- Origin: Gatineau, Quebec, Canada
- Genres: pop rock
- Years active: 1975–aft. 1988
- Past members: Sandra Dorion Denis Lalonde Mario Dubé Mario Laniel Daniel King

= Nuance (Canadian band) =

Nuance was a Canadian rock band from Gatineau, Quebec, best known for their hit single "Vivre dans la nuit".

==History==

Formed in 1975 by guitarist Denis Lalonde, keyboardist Mario Dubé, bassist Mario Laniel, and drummer Daniel King, the band began achieving wider success after singer Sandra Dorion joined in 1983. They had their first significant hit with "Amour sans romance" in 1985, and "Vivre dans la nuit", their most successful single, was its followup. Both singles were featured on the album Vivre dans la nuit (1986).

The band received two Juno Award nominations at the Juno Awards of 1987, for Most Promising Group and Single of the Year for "Vivre dans la nuit". They also won two Prix Félix in the same era, for Discovery of the Year in 1986 and Best-Selling Single of the Year for "Vivre dans la nuit" in 1987.

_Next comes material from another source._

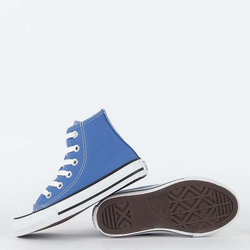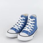 Desde 1917, o Chuck Taylor All Star tem sido o ícone do dia a dia. Você já conhece os detalhes icônicos como o cabedal em lona de algodão, solado com padrão de diamante e a indistinguível biqueira de borracha. Finalizado com palmilha em EVA para ajudar a manter os pés confortáveis. - Tênis em cano alto de lona de algodão - Silhueta icônica com biqueira de borracha - Clássico patch lateral com a estrela - Palmilha em EVA deixa seus pés confortáveis - Solado de borracha com padrão de diamante O clássico Chuck Taylor All Star na versão kids e em cores sazonais, é confeccionado em tecido canvas de algodão tipo lona, possui costuras duplas, ilhoses na cor prateada, uma tira de tecido no calcanhar que proporciona maior suporte ao tênis, forro interno acolchoado para maior conforto e dois ilhoses laterais para uma transpiração adequada aos pés. O Patch Logo com assinatura Converse Chuck Taylor All Star é aplicado na parte interna dos canos, enquanto o logo Converse All Star é aplicado na heeltab do calcanhar. O solado vulcanizado garante a aderência adequada ao caminhar. ATENÇÃO! Sugerimos comprar o número MENOR A quantidade de passadores (ilhoses) pode variar conforme o tamanho do produto. As cores do produto podem sofrer alterações conforme a calibragem de cada monitor/tela. Medidas: Tamanho 26 - Comprimento 18,8cm Tamanho 27 - Comprimento 19,6cm Tamanho 28 - Comprimento 20,0cm Tamanho 29 - Comprimento 20,9cm Tamanho 30 - Comprimento 21,3cm Tamanho 31 - Comprimento 22,1cm Tamanho 32 - Comprimento 22,5cm Tamanho 33 - Comprimento 23,3cm

They followed up with À suivre, an album of covers of Quebec pop and rock classics by Offenbach, Beau Dommage, Robert Charlebois, Michel Pagliaro, and Serge Fiori in 1987. The album was credited to Nuance & Sandra. Their third and final album, Journal intime, was released in 1988.

Following the band's breakup, Luc Plamondon solicited Dorion to appear in a production of Starmania, and Cirque du Soleil invited her to sing the theme song for Alegría, although she refused both offers. She released her debut solo album, Telle quelle, in 2011.